> [REQUIRED ACTION]:
Please print, exactly, only the lines in the entries below from the line that has "This latest job" through the line that has "新型冠狀病毒感染應變協調中心". Pictures don't go in.

> [PROVIDED INFORMATION]:

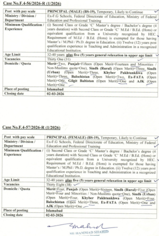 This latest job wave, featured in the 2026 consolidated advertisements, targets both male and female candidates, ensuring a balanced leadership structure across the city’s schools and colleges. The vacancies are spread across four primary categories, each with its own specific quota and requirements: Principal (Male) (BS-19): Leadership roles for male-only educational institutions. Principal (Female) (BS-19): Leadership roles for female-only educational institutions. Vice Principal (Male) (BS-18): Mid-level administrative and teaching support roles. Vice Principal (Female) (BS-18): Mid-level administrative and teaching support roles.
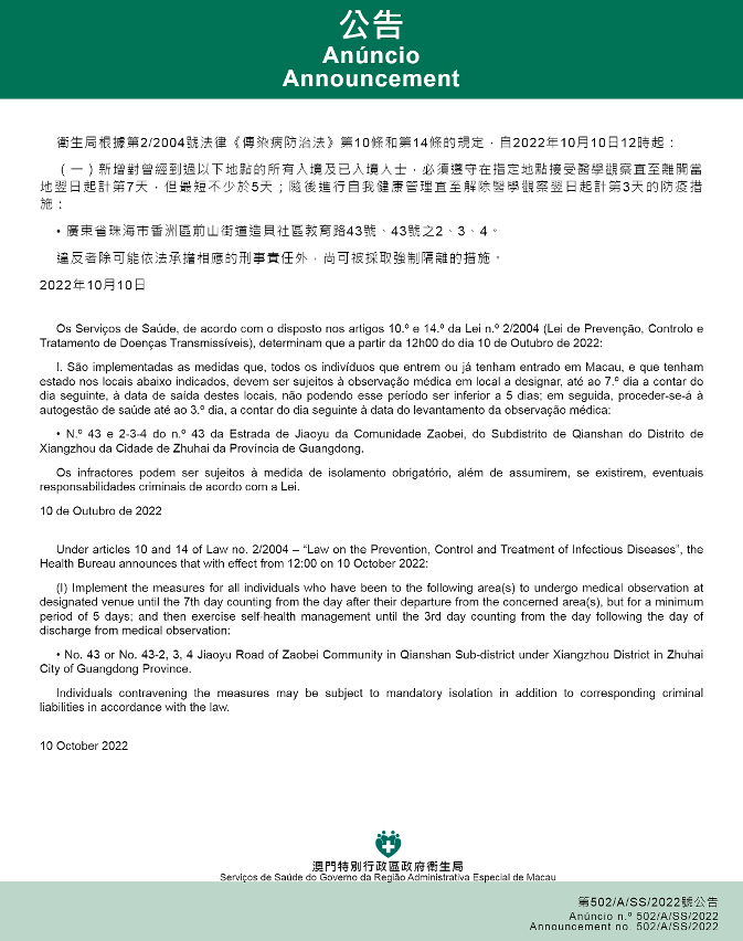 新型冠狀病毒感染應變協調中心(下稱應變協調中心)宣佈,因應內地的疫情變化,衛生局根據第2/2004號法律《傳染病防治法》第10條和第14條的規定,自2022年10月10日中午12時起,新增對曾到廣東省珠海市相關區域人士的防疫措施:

==

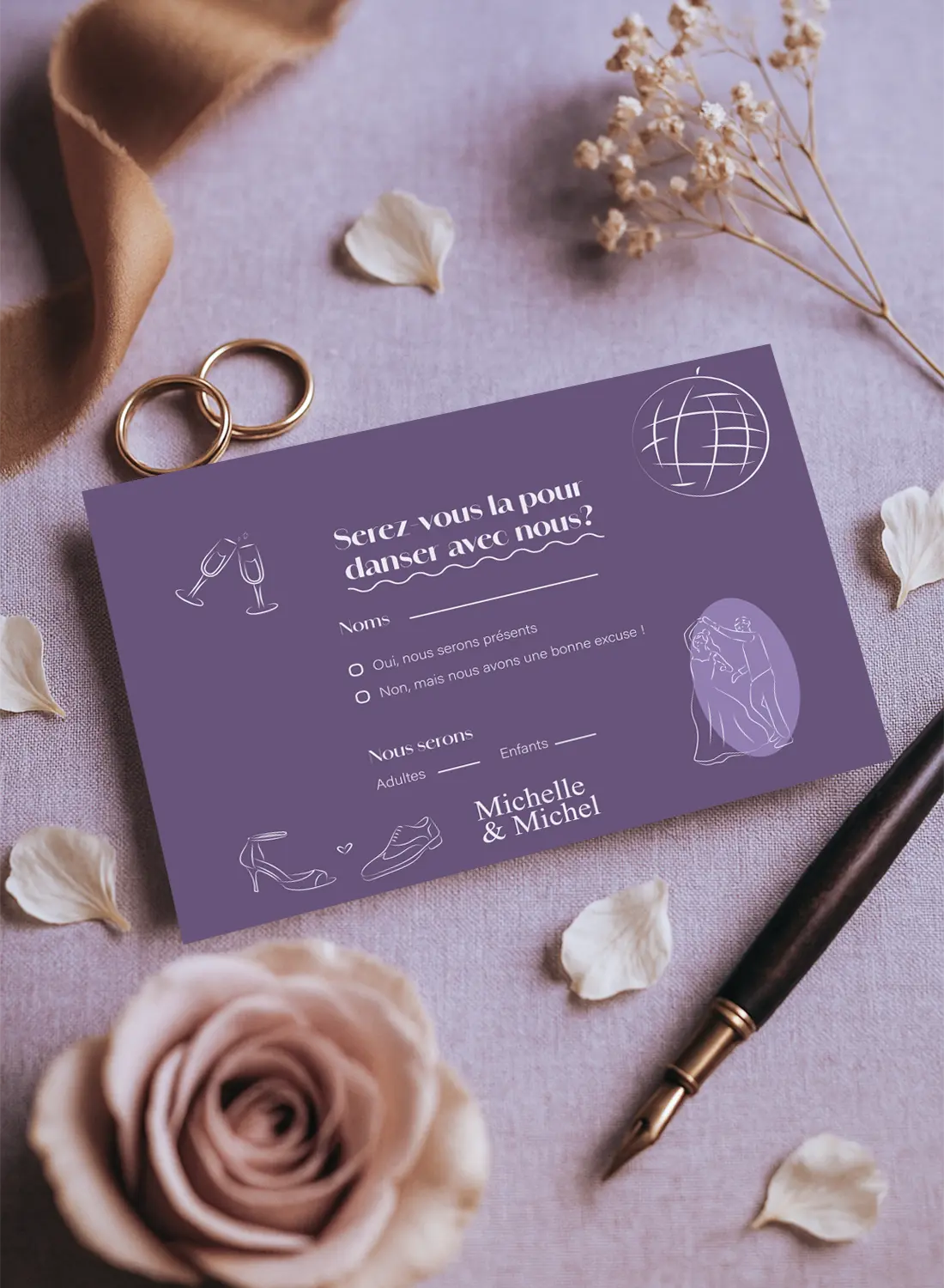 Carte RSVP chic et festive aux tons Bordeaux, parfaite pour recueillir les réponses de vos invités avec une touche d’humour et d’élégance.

> [TASK RESULT]:
 This latest job wave, featured in the 2026 consolidated advertisements, targets both male and female candidates, ensuring a balanced leadership structure across the city’s schools and colleges. The vacancies are spread across four primary categories, each with its own specific quota and requirements: Principal (Male) (BS-19): Leadership roles for male-only educational institutions. Principal (Female) (BS-19): Leadership roles for female-only educational institutions. Vice Principal (Male) (BS-18): Mid-level administrative and teaching support roles. Vice Principal (Female) (BS-18): Mid-level administrative and teaching support roles.
 新型冠狀病毒感染應變協調中心(下稱應變協調中心)宣佈,因應內地的疫情變化,衛生局根據第2/2004號法律《傳染病防治法》第10條和第14條的規定,自2022年10月10日中午12時起,新增對曾到廣東省珠海市相關區域人士的防疫措施:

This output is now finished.